Figure 1.. Autosomal recessive LY9 deficiency.

(A) Search for homozygous pLOF variants displaying enrichment in TB patients. (B) Normalized LY9 mRNA levels in various human cell subsets. Data were retrieved from the Human Protein Atlas (73). (C) Pedigree of the kindreds. Black symbols indicate affected individuals. Genotypes for LY9 are also shown. WT: wild-type. M: mutant. E?: unknown. (D) Thoracic computed tomography scans of P1 on presentation showing bilateral lobar consolidations and atelectasis in the left lung. (E) Chest X ray of P4 showing mediastinal tuberculous lymphadenitis (arrows), which improved after 6 months of anti-TB therapy. (F) A chest X ray for P2 (P1’s paternal uncle) taken at the age of 28 years; this individual remains healthy at the age of 29 years. (G) Population genetics of LY9. The minor allele frequency (MAF) and combined annotation-dependent depletion (CADD) scores for all homozygous non-synonymous LY9 variants found in the gnomAD database or our in-house cohort are depicted. The CADD scores of 22.4 for c.182del (G61Vfs*3) and 23.8 for c.1052_1053del (H351Rfs*22) are well above the mutation significance cutoff (MSC) of 2.4 (79, 80) (horizontal dotted line). (H) Normalized LY9 mRNA levels in various human immune cell subsets. Data were retrieved from the Human Protein Atlas (73). N=6 donors. Bars represent the mean and SEM. (I) A protein-level representation of the patients’ mutations. SP: signal peptide. EC: extracellular domain. TM: transmembrane domain. IC: intracellular domain. The sequences corresponding to the various exons and their boundaries are also shown.

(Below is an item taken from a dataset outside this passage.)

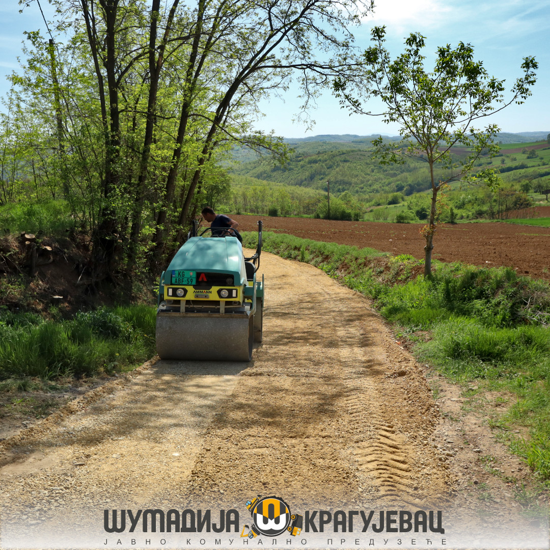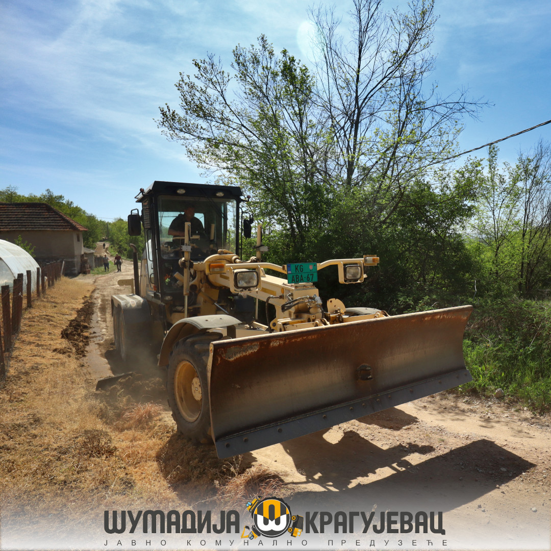 Sektor niskogradnje JKP Šumadija Kragujevac nastavlja infrastrukturne radove na uređenju atarskih puteva u Jovanovcu, a nakon toga radovi će se nastaviti u Goločelu, Đuriselu i Dragobraći, što će meštanima omogućiti lakši prilaz svojim njivama.

Figure 2.. Analysis of LY9 expression and function.

(A and B) Analysis of LY9 expression in an overexpression system. HEK293T cells were transfected with an empty vector (EV) or plasmids encoding the wild-type (WT) or mutant LY9 proteins with a C-terminal DDK tag. Representative results of two independent experiments. (A) Surface LY9 expression, as determined by flow cytometry with a PE-conjugated anti-LY9 mAb. (B) Immunoblotting of total protein extract probed with an anti-DDK monoclonal antibody (mAb). GAPDH was used as a loading control. (C-I) Analysis of LY9 expression and function in the patients’ cells. (C-F) Surface LY9 expression in (C) Epstein-Barr virus-immortalized B (EBV-B) cells, (D) T-cell blasts (T-blasts), and (E and F) peripheral blood mononuclear cell (PBMC) subsets, as determined by flow cytometry. (G) Rescue, by lentiviral transduction, of surface LY9 expression in T-blasts from P4. (H and I) ERK phosphorylation assay. (H) Non-transduced CD4⁺ T-blasts or (I) lentivirally transduced CD4⁺ T-blasts from P4 were stimulated for 15 minutes with bead-conjugated mAbs, and the levels of phospho-ERK1/2 were measured by flow cytometry. Technical triplicates were performed for cells from the patients and for P4’s travel control. In A-D and G-I, representative results from two independent experiments are shown. For αCD3/αLY9 stimulation in H, statistical significance was determined for the difference in background-subtracted median fluorescence intensity between all controls and LY9-deficient individuals. ***, P < 0.001 by unpaired Wilcoxon’s rank-sum test. In C-E and G, vertical dashed lines represent the median. In F, H, and I, bars represent the mean and SEM. P/I, phorbol 12-myristate 13-acetate (PMA) and ionomycin.

Figure 3.. Impaired IFN-γ-driven leukocytic responses to M.tb.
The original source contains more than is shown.